Communication with family is key
Kenner says it’s important when discussing those issues with the family to understand how their belief system may affect a decision. For example, she says she recently did work in Kuwait, and found a pronounced aversion to ending life support in hospitals there.
"Once life support is started, you do not stop for any reason, even if you’re on life support for months," she says. In cases where religious or other cultural issues may come into play, "somebody familiar with the culture needs to work with the family. You can’t just do what Americans would do without even asking."
Kenner, Hulac, and Groves all support the inclusion of clergy in the decision-making team. Groves says Theda Clark Medical Center’s NICU has its own clergyman, who is well-known in the unit and often works with families there. Some families also may be counseled by their own clergy.
Clergy were on the teams that developed both the Wisconsin and Colorado guidelines, and Hulac said they brought a vital perspective to his group’s efforts. Also included on the Colorado team were people with disabilities.
"They helped us determine, when we say grim’ outcome, what do we mean?" he says. "A bad outcome for one person might be a lifetime in a wheelchair, but to a person in a wheelchair, it’s different. Their voice was important in making sure that we didn’t equate imperfect outcomes with suffering."
A diversity of opinions
One reason the process of working with families on this issue can be so difficult is that there is much diversity of opinion even among doctors and nurses, Kenner says."It’s difficult to reach consensus. It’s really a matter of communication, of being able to sit down and have a really hard discussion. The ethics team needs to sit down with multiple disciplines and talk about how far you will go."
The Wisconsin guidelines stress the importance of communication among health care providers.

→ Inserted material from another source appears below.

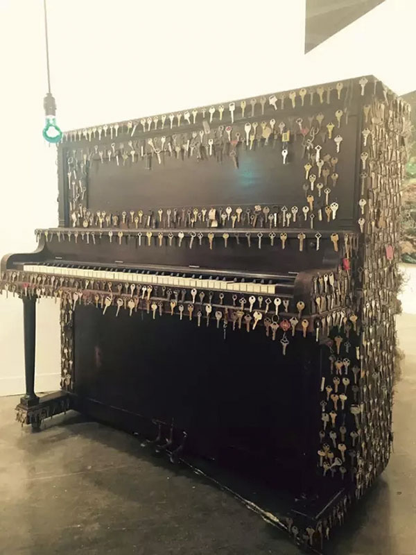 Nari Ward 拼凑的保险钥匙、钢琴、灯等材料1331x152x77cm
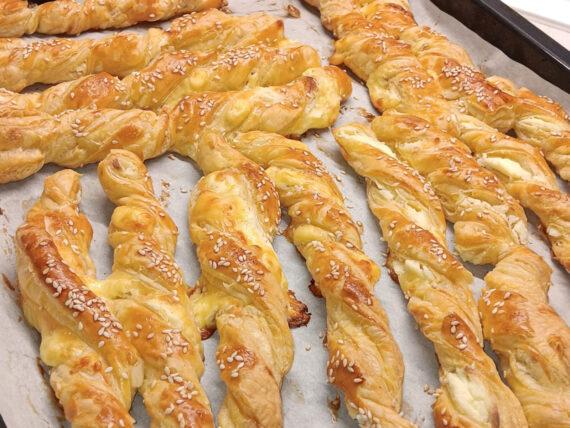 Τα στρίβουμε, τα τοποθετούμε σε ένα ταψί με λαδόκολλα και τα αλείφουμε με αυγό. Πασπαλίζουμε με σουσάμι και ψήνουμε στους 180 βαθμούς Κελσίου, στις αντιστάσεις, πάνω κάτω.

At Theda Clark, Groves says the NICU team has worked together for so long that they understand each others’ views fairly well.
"We have an extremely low turnover and the average nurse has been there 15-18 years," she says. "So there’s a lot of experience from which to draw and a lot of experience knowing what outcomes are out there. We have a pretty cohesive group, generally speaking, when it comes to these kinds of decision-making situations."
Also aiding in that cohesiveness is the weekly process of grand rounds, which includes everyone in the department.
"We talk about every case in the nursery and it’s an opportunity for anyone to bring out any issues that they’re comfortable or uncomfortable with," Groves says. "And we talk about it then and there."
The unit also has held debriefing sessions on occasion, if there were a number of unexpected deaths, to help staff work through their feelings about them.
When trying to move toward use of guidelines, Groves says it’s important for nursing administration to find a "physician champion" who can lead the initiative. "There’s ample opportunity for physician involvement, with input. But clearly there must be input there from all disciplines, including nursing and clergy."